I want to pull a few basic information from Google Scholar such as Title_name, Author_Names, Year_Publication, Title_URL, and cited_by across all Google Scholar pages but as a test wanted to extract information from 2 pages.
The purpose of this webscraping is to generate a list of studies for literature review leading to a meta-analysis study.
I have been trying to edit the following code but no luck:
# Install and load the necessary packages
#install.packages("RSelenium")
##install.packages("rvest")
#install.packages("stringr")
library(RSelenium)
library(rvest)
library(stringr)
# Start a Selenium server and open Chrome browser
rD <- rsDriver(browser = "chrome", chromever = "latest", geckover = "latest",
IEDriverVersion = NULL, verbose = FALSE, check = TRUE,
extraCapabilities = NULL, verboseInfo = FALSE, checkInterval = 1000,
timeout = 20000, whitelist = NULL, checkPath = TRUE, port = 4445L,
phantomver = NULL,
chromepath = NULL, firefoxpath = "C:\\Program Files\\Google\\Chrome\\Application\\chrome.exe")
remDr <- rD$client
# Define your search terms
search_terms <- "((COVID OR COVID-19))"
# Function to extract data from a page
extract_data <- function(page_source) {
page <- read_html(page_source)
titles <- page %>% html_nodes(".gs_rt") %>% html_text()
authors <- page %>% html_nodes(".gs_a") %>% html_text()
years <- str_extract(authors, "\\d{4}")
authors <- str_replace(authors, "\\d{4}", "")
urls <- page %>% html_nodes(".gs_rt a") %>% html_attr("href")
cited_by <- page %>% html_nodes(".gs_fl a:nth-child(3)") %>% html_text()
cited_by <- as.integer(str_extract(cited_by, "\\d+"))
data.frame(Title_name = titles, Author_Names = authors, Year_Publication = years, Title_URL = urls, cited_by = cited_by)
}
# Function to search for a specific term on Google Scholar
search_google_scholar <- function(term) {
tryCatch({
remDr$navigate("https://scholar.google.com/")
search_box <- remDr$findElement("css", "#gs_hdr_tsi")
search_box$sendKeysToElement(list(term, key="enter"))
Sys.sleep(5) # Allow time for page to load
pages <- 2 # Number of pages to scrape
results <- data.frame()
for (page in 1:pages) {
page_source <- remDr$getPageSource()[[1]]

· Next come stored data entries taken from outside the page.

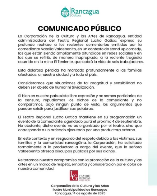 En el documento manifestaron su “profundo rechazo a los recientes comentarios emitidos por la comediante Natalia Valdebenito, en un contexto de stand up comedy, los que están siendo ampliamente difundidos en redes sociales y en los que se refirió, de manera inapropiada, a la reciente tragedia ocurrida en la mina El Teniente, que cobró la vida de seis trabajadores”.
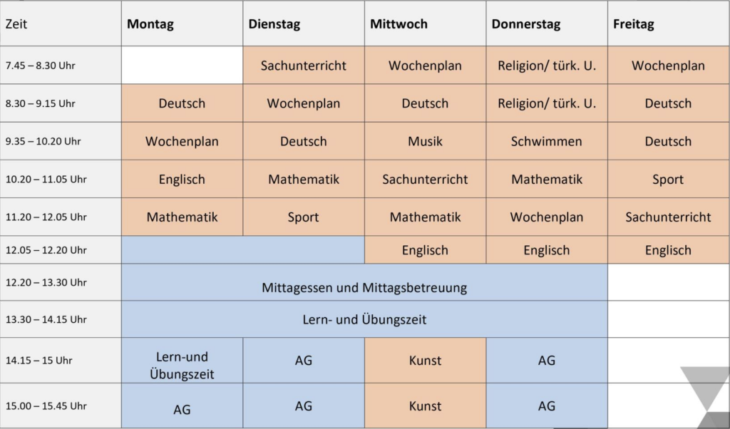 So sieht der Stundenplan eines Ganztageskindes aus:
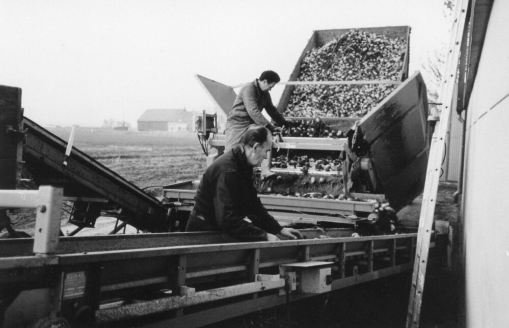 Foto,zwart/wit, Aardappelen sorteren Molendijk. zie ook bijlage .
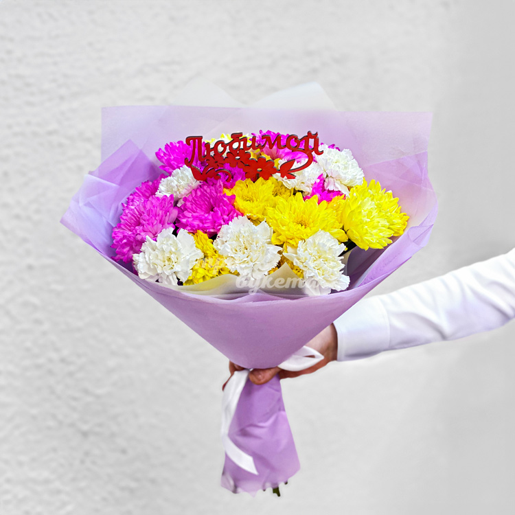 Букет ярких хризантем с белыми гвоздиками
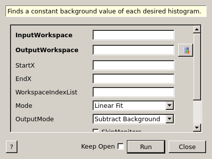 | SkipMonitors | Input | boolean | False | By default, the algorithm calculates and removes background from monitors in the same way as from normal detectors If this property is set to true, background is not calculated/removed from monitors. |
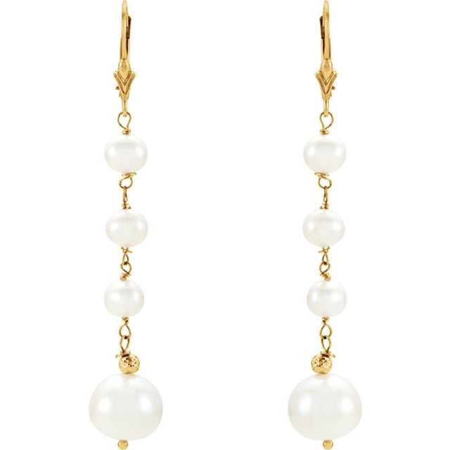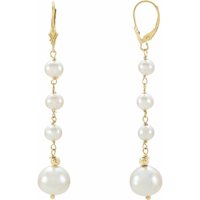/ Earring / Set / Cultured White Freshwater Pearl / Pearl / 10-11 Mm / 14K Yellow / Cultured White Freshwater Pearl / Pair / Leverbacks / Polished / Cultured White Freshwater Pearl Earrings
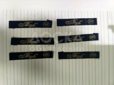 Жаккардовые бирки (лейбы) производство Турция черные тканые золотой ниткой.. Бренд АЗЕЛЬ размеры 36, 38, 40, 42. Размер ярлыка: ширина 6 см * высота 1 см
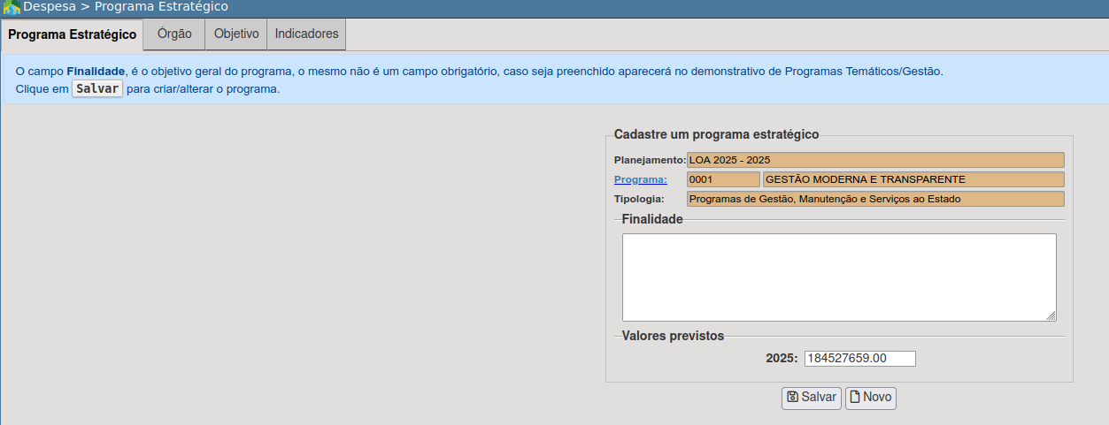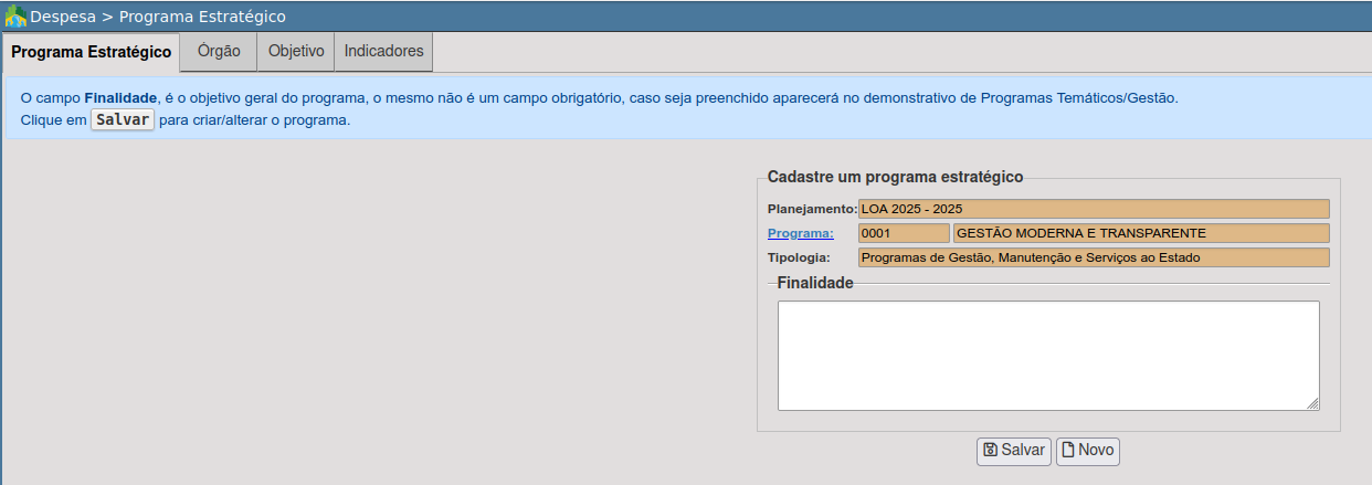Finalidade: objetivo principal do programa, o mesmo não é obrigatório, mas se preenchido, é demonstrado nos relatórios de programas;
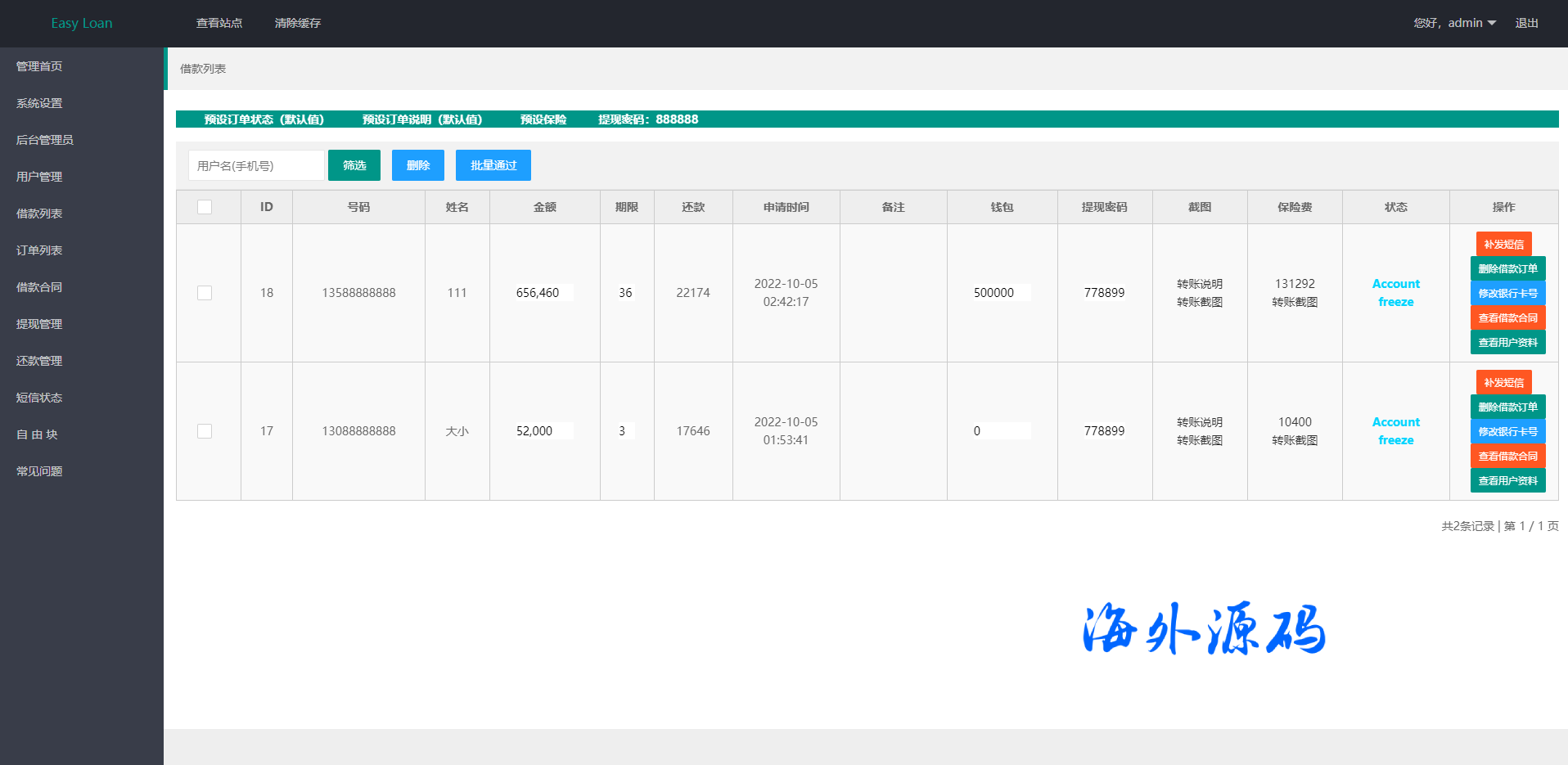 全新优化版中英小额贷款源码/海外贷款系统/网贷源码

page_data <- extract_data(page_source)
results <- rbind(results, page_data)
next_button <- remDr$findElement("css", "#gs_n a")
if (length(next_button) == 0) {
break
} else {
next_button$clickElement()
Sys.sleep(5) # Allow time for page to load
}
}
return(results)
}, error = function(e) {
message("An error occurred: ", conditionMessage(e))
NULL
})
}
# Execute the search and scrape the data
search_results <- search_google_scholar(search_terms)
# Close the browser
remDr$close()
rD$server$stop()
Can anyone help me modify the above code or suggest a simple workaround?